• All governments lie, but disaster lies in wait for countries whose officials smoke the same hashish they give out.

  • I.F. Stone

maandag 2 mei 2016

China and the Dollar

China’s launch of yuan gold benchmark means economic powerhouse relying less on U.S. dollar

Last week, China moved itself closer to gold. As the United States debated the $20 banknote, as the European Central Bank (ECB) ramped up its quantitative easing and as the New Zealand central bank announced the end of media embargoes, China’s top banks and gold miners launched a yuan gold benchmark with 18 members.
The 18-member group, which will include the world’s largest jewelry retailer and two foreign banks, will participate in China’s new yuan-denominated gold benchmark. This will help the Asian economic powerhouse inch towards becoming a price-setter for the yellow metal.
It should be noted that a yuan gold fix does not threaten England or America’s gold pricing.
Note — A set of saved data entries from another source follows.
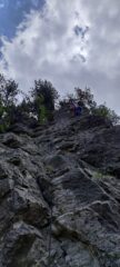 Chiodatura buona e in ordine,roccia un po’ scivolosa,manovra da fare,casco consigliato visto le numerose cengette con pietre instabili e qualche blocco anche grosso che muove.
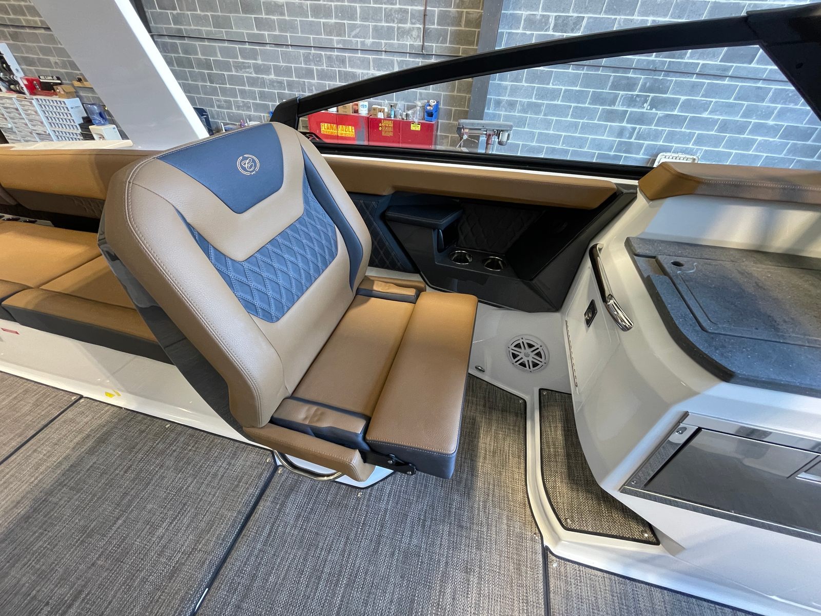 Step aboard the Cobalt R31 OB and discover a world of comfort and convenience. The cockpit features a sophisticated Carmel and Carbon color scheme, accented by Cobalt Lettering in White Satin for a refined touch. The Arch with Hardtop in White not only enhances the boat’s profile but also provides shade and protection from the elements, allowing you to enjoy your time on the water in any weather. The air conditioner with heat ensures a comfortable environment, whether you’re cruising under the summer sun or enjoying cooler evenings.Practicality meets style with the Bazttery Maintainer and Charger, keeping your systems powered and ready for every adventure. The Dinette Table in White offers a perfect spot for meals, games, or socializing, while the Finder Clips with Line (6) add convenience for securing gear and accessories. Show your pride with the Flagpole and Flag, a classic touch that adds character to your vessel.
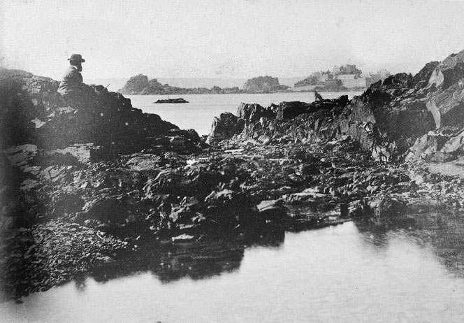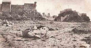 These two photographs were taken around 1872, when work was under way to construct a new and massive harbour for St Helier. One arm was built out from Elizabeth Castle, bridging the gap to the Hermitage Rock and then heading out to sea. That was completed. The other arm, from La Collette, was repeatedly damaged by winter storms before much progress could be made and the whole project was abandoned. These picture were taken while work was under way outside the castle and show temporary buildings which were part of the construction site. In the foreground on the left is a large basin which was probably the inner section of the castle's harbour, little of which now remains. It appears that a retaining wall was built to keep the tide out and the whole area was soon filled in, as shown on the right, to create an open space where the giant blocks which would be used to build the breakwater could be constructed and stored

However, it enables Asia to have more power in this realm.
China no longer wants to rely on the U.S. dollar for global transactions, and thinks its market weight should allow it to set the price of the precious metal. China is currently the world’s biggest producer, importer and consumer of gold.
Although it doesn’t pose an immediate threat to the West, China is depending on fewer greenback notes. Hao Hong, managing director and chief China strategist with Bocom International, one of the nation’s biggest banks, said it best in an interview with Bloomberg News:
“By trading physical gold in renminbi, China is slowly chipping away at the dominance of US dollars…The gold reserve on the China balance sheet has almost doubled since 2009. By holding gold, and moving away from a US-dollar centric system, we actually require less US dollars.”
The People’s Bank of China (PBOC) has been rather quiet about hold much gold it’s hoarding. It published figures last year that said its gold reserves stood at 53.3 million. But some believe that China is understating that number, and it’s actually a lot higher than the reported sum.
Despite the establishment ridiculing Ted Cruz’s allusion to the gold standard and the likes of Paul Krugman and Ben Bernanke chastizing those who view gold as money, it appears China holds this same view: gold is money.